Old tech sounds preserved as part of a huge audio project

Play the sound of a typewriter to a child and they will hardly know what it is, what they hear. Play it for an older adult and they might crack a smile at some of the memories it immediately evokes. Likewise the sound of an old cassette recorder, rotary telephone or a Super 8 camera.

To preserve these and other sounds for generations to come, Stuart Fowkes built the Cities and Memory archive, with old tech sounds forming part of his growing database of recordings.

“We are now at a stage where the lifespan of sounds, as they arise and then disappear, is so much shorter than ever before,” Fowkes told BBC radio this week. “If you think about the ringtone, that was four or five years ago, it seems really archaic now.”

The British sound artist and field recordist notes that people who were around in the early days of the internet in the 1990s have a particular reaction when they hear a recording of a strange screeching, also known as a dial-up modem.

“There are certain sounds that evoke a certain memory and are very personal and I think it’s important to be able to collect the sounds together and be able to present them again because I think everyone who listens to the collection has their own will have its own particular reaction to it,” Fowkes told the BBC.

“Whether it’s a video game sound or the sound of a camera shutter that particularly appeals to them, maybe it takes them back to their childhood or a specific experience,” he added.

If you have a moment, be sure to check out the project’s archive of sounds and sound projects, which doesn’t just focus on obsolete or vanishing technology.

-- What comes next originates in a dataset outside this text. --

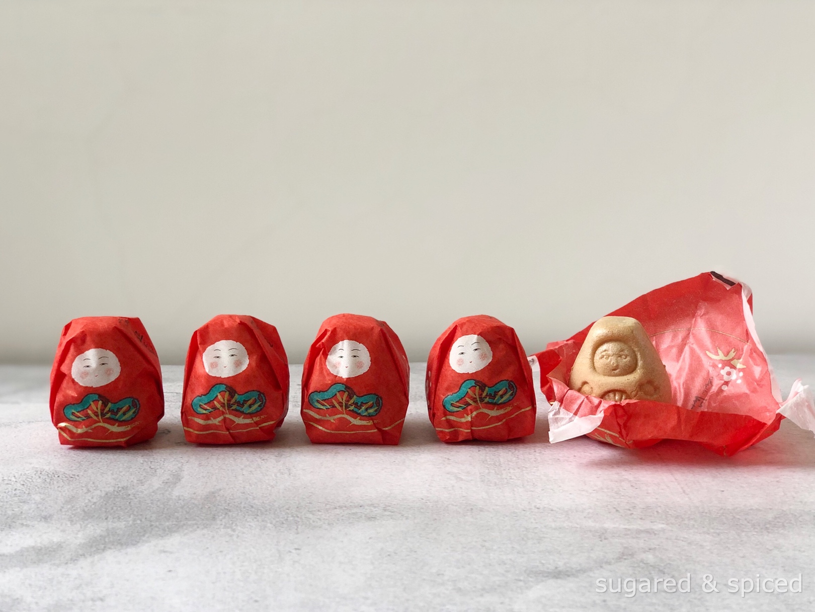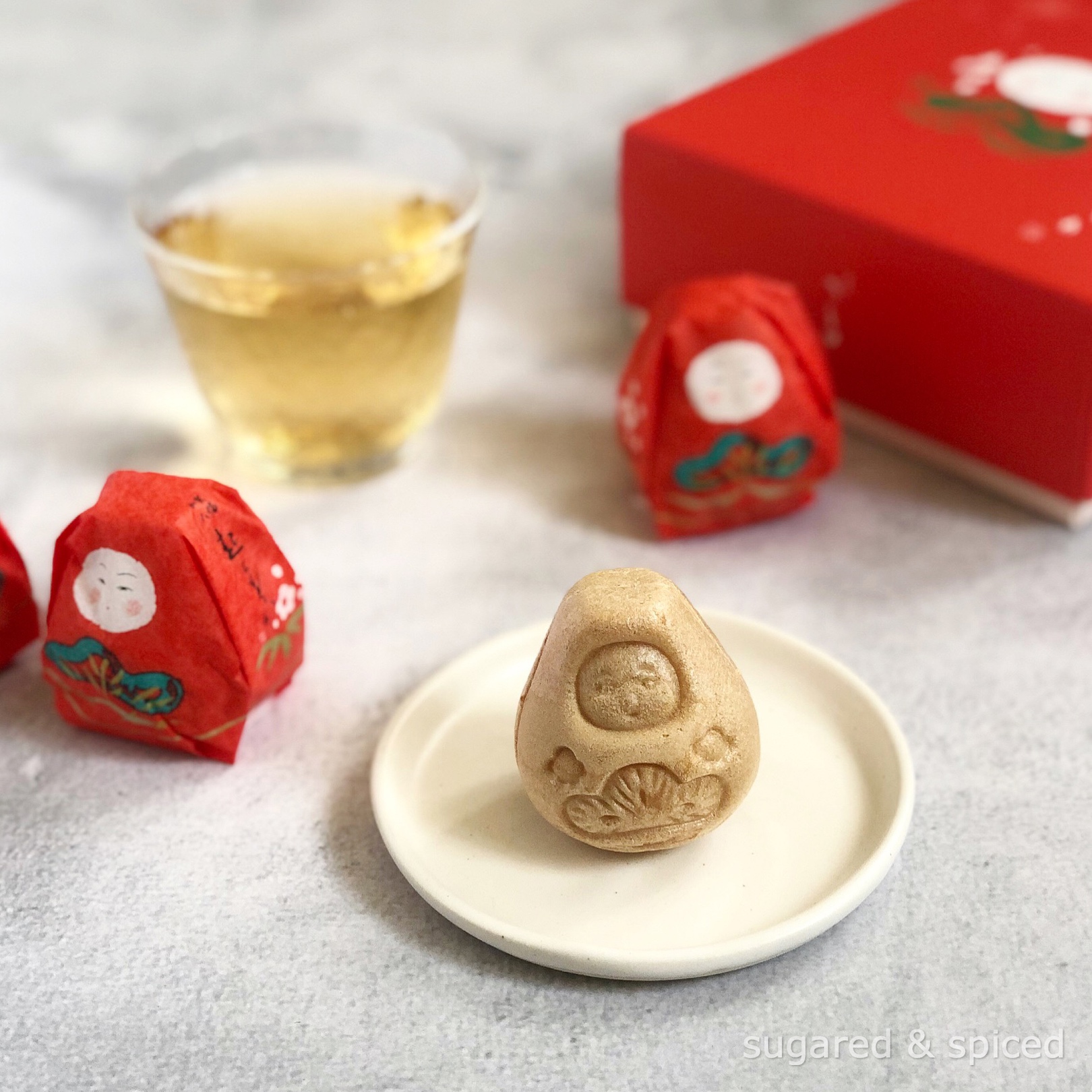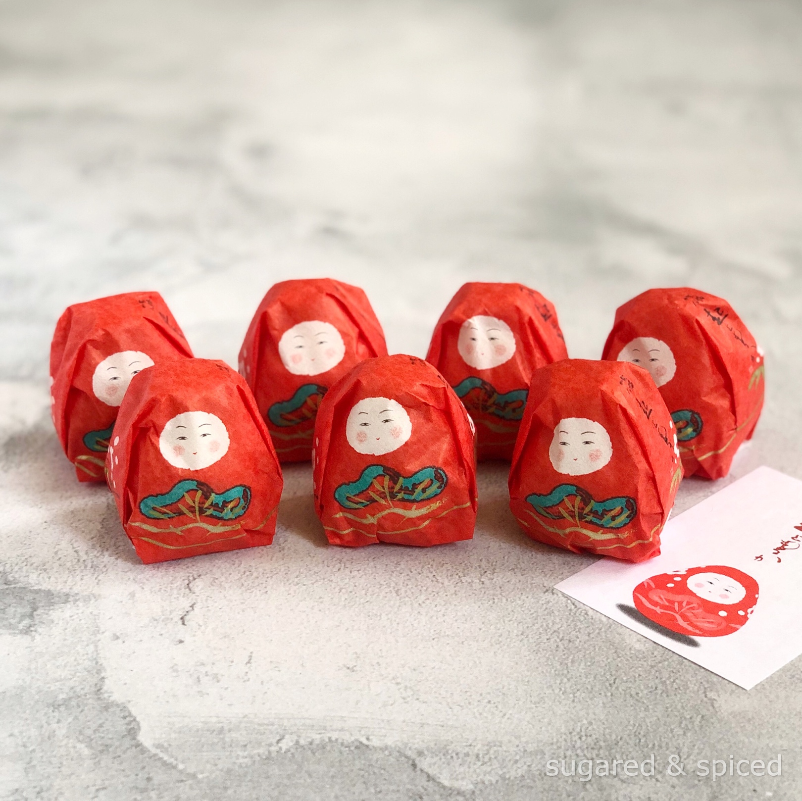 Modeled after the Kaga Hachiman okiagari*, these cute monaka cakes consist of a crisp outer crust made with rice, filled with sweet adzuki bean paste. Perfect with a cup of genmai tea.
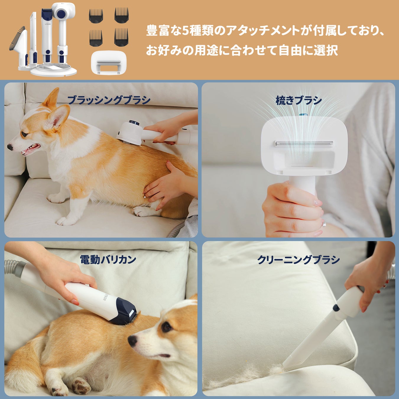 【多機能&5種類のアタッチメント】換毛期が過ぎてもこまめなお掃除はかかせません。犬や猫のストレス対策としては、①ブラッシング②トリミング③クリーニング、などがあり、日頃からしっかりとケアをすることが大切です。「グルーミングブラシ」「梳きブラシ」「電動バリカン」「掃除用ブラシ」「隙間ノズル」備わった、5種類のアタッチメントから「ブラッシング」「毛を梳く」「足裏などのバリカンカット」「清掃」の4つの用途に使い分けることができます。

For example, it also includes recordings that delve into cultures around the world, such as a geisha performance in Japan or traditional Khmer music from Cambodia.

Sounds of nature are also included, with some, like the recording of a glacier rupture, addressing issues such as climate change.

Fowkes also highlights how the ongoing project has become an inspiration for artists, with some creators using the source recordings to create musical compositions. You can search some of them on the project’s website for outdated sounds, which include audio from typewriters, telephones, cameras, slide projectors, and VCRs, among others.

You can listen to Fowkes’ interview via the BBC’s website. The segment begins at the 40 minute mark.